From the April 24, 2017, Emerging Civil War "Failed ironclads: CSS Mississippi and CSS Louisiana at New Orleans" by Dwight Hughes.
Despite all the problems listed in the previous posts about the ship, Confederate naval officers considered the Mississippi "the strongest...most formidable war vessel that had ever been built." It was 250 feet long, 1400 tons and was quite unorthodox, even for an ironclad.
As stated before, the Tift brother, Asa and Nelson, had persuaded Mallory that they could make up for a lack of skilled shipwrights needed to bend and shape frames and planks for the hull by building it like a house with flat sides and square corners except where the pointed ends joined the hull. Essentially, just a big floating box with guns.

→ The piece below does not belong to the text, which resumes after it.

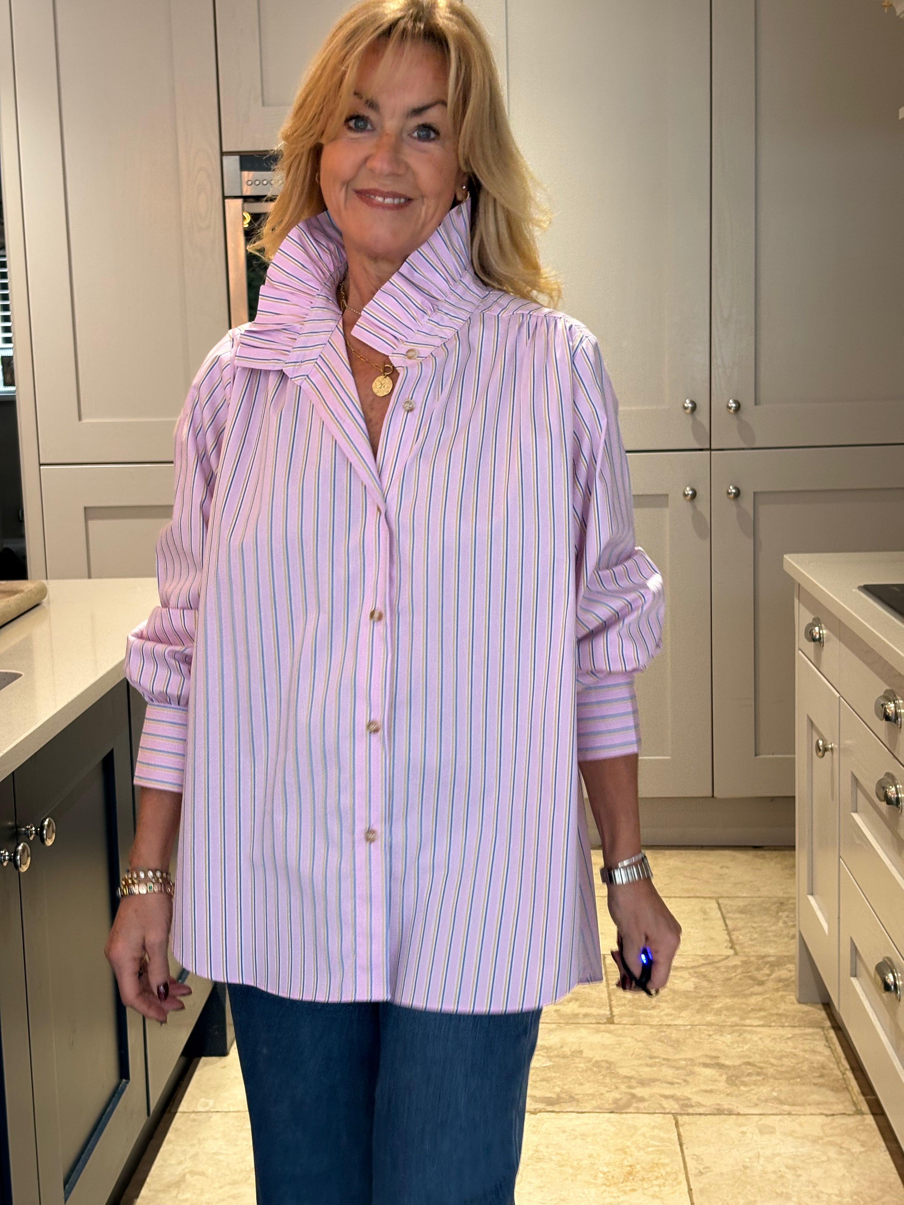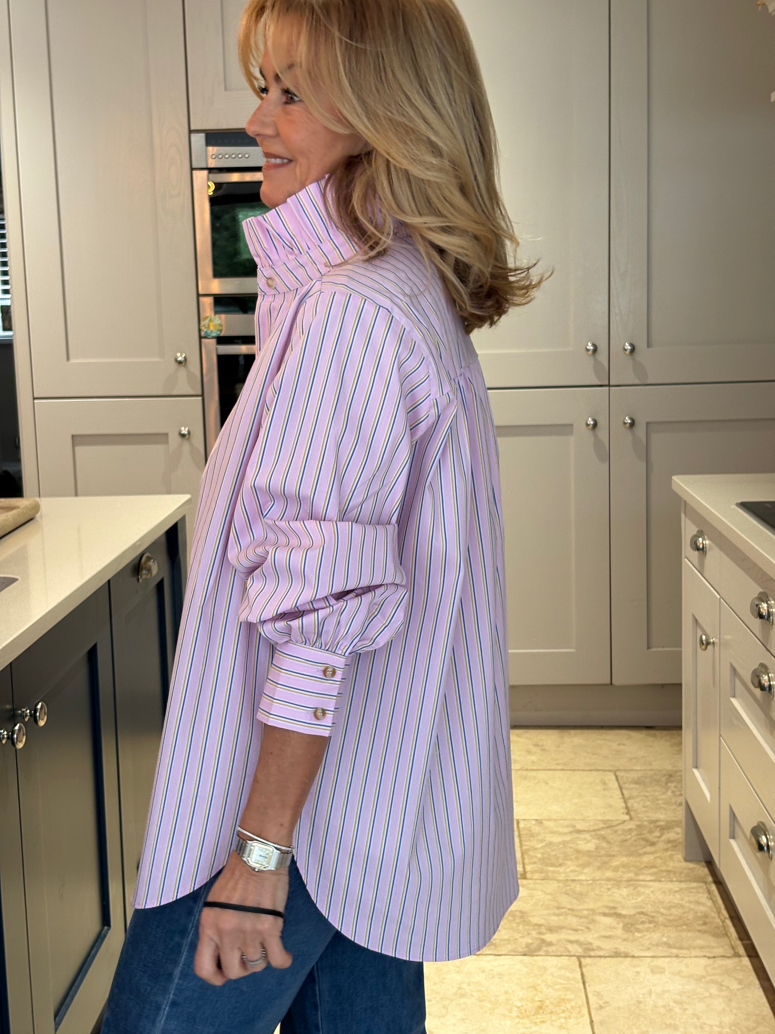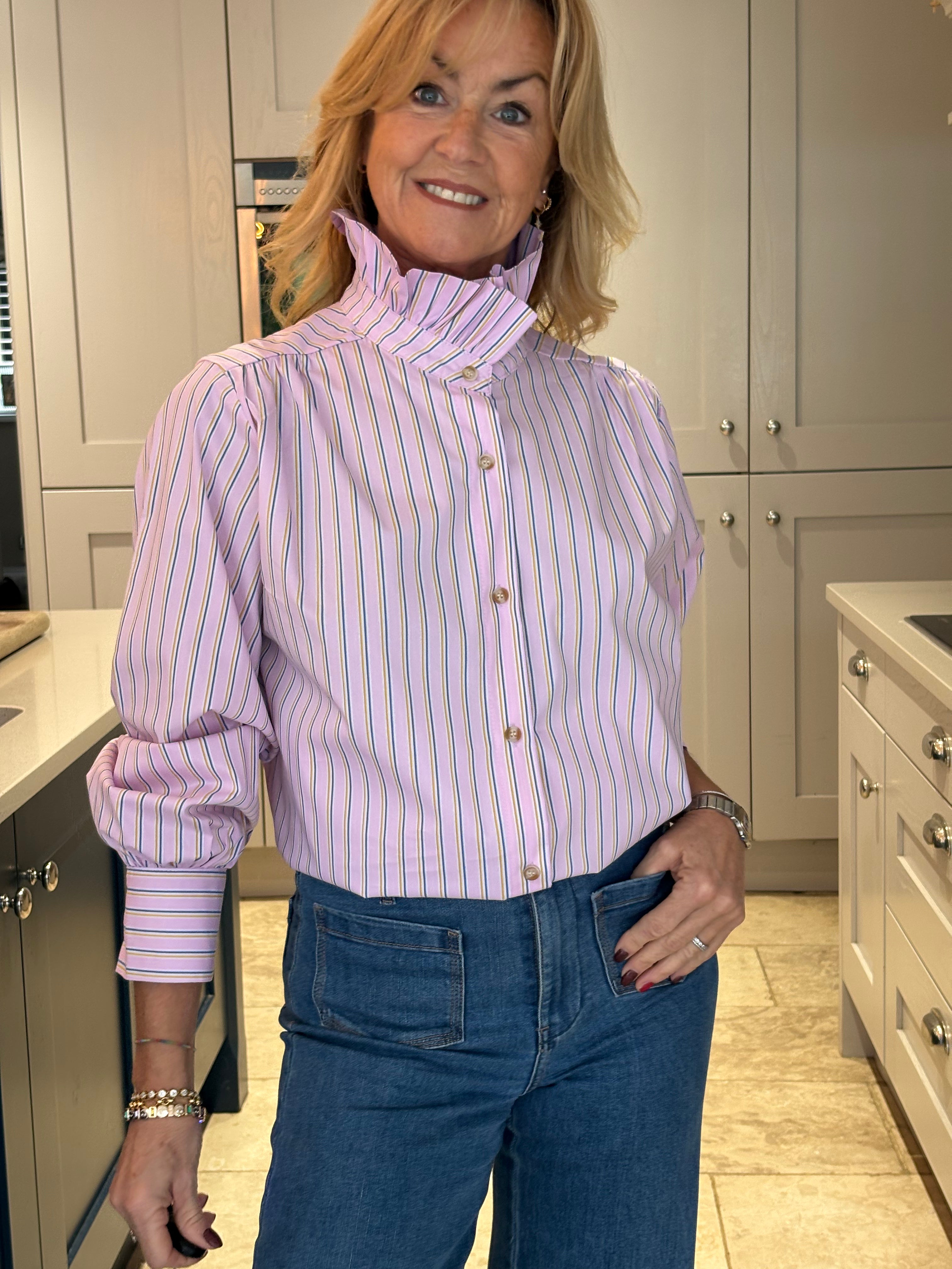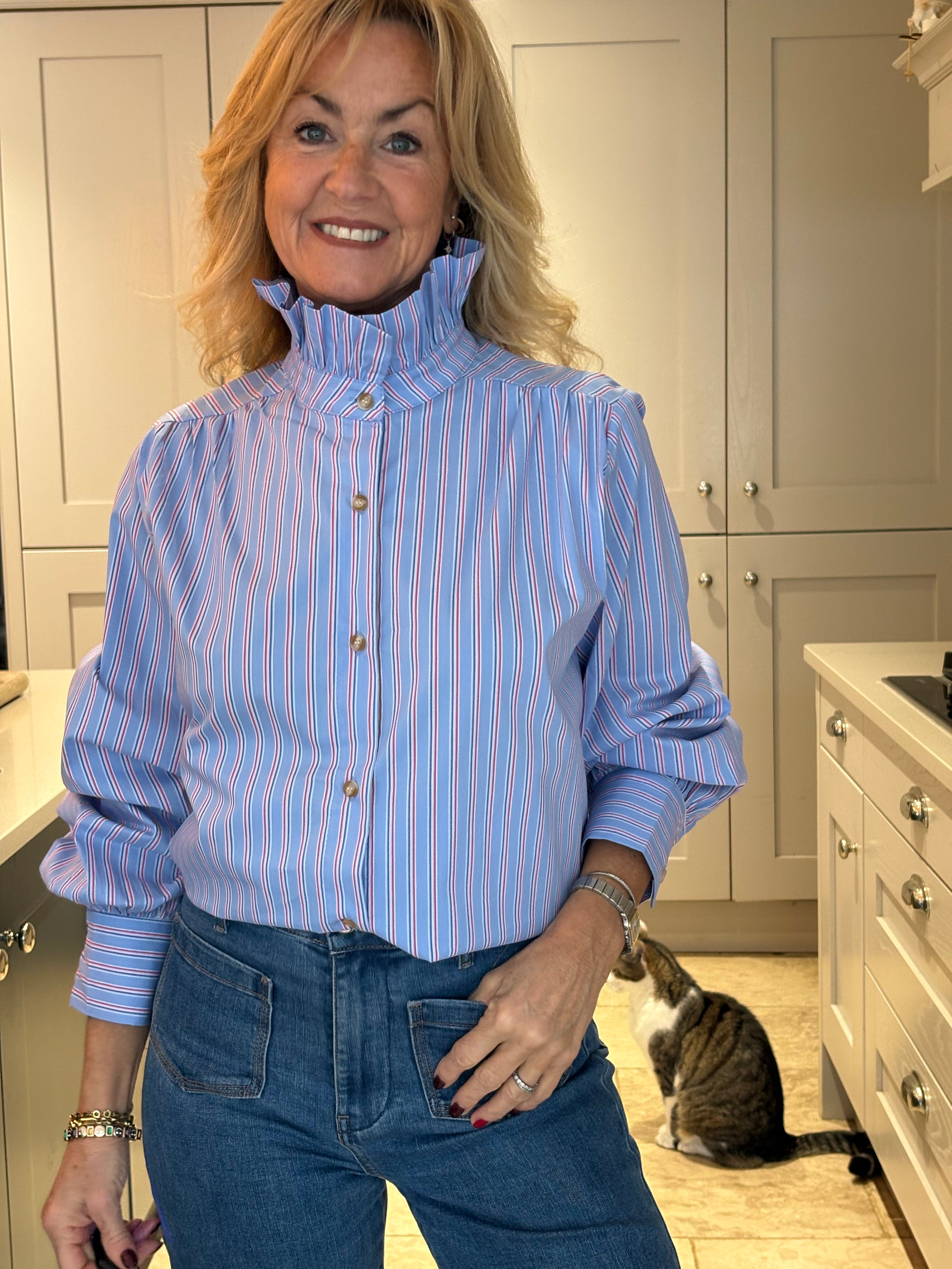 The Lara blouse comes in two colours. Blue with a pink, navy and white stripe throughout and pink with a royal blue, yellow and white stripe.

The ship had four and a half feet of wood an iron with a casemate for twenty guns, powered by eight boilers, three engines and three propellers.
She was hurriedly launched on April 19, the day Farragut passed the forts guarding New Orleans: Fort Jackson and Fort St. Philip. But, Tredegar Iron Works in Richmond had not yet delivered the main propeller shafts and herb guns were not mounted.
Five days later, with Farragut's ships approaching the city, the crew fled upriver to Vicksburg. The executive officer, Lieutenant James Waddell, volunteered to return and set her afire.
(Waddell later commanded the raider CSS Shenandoah at the end of the war.)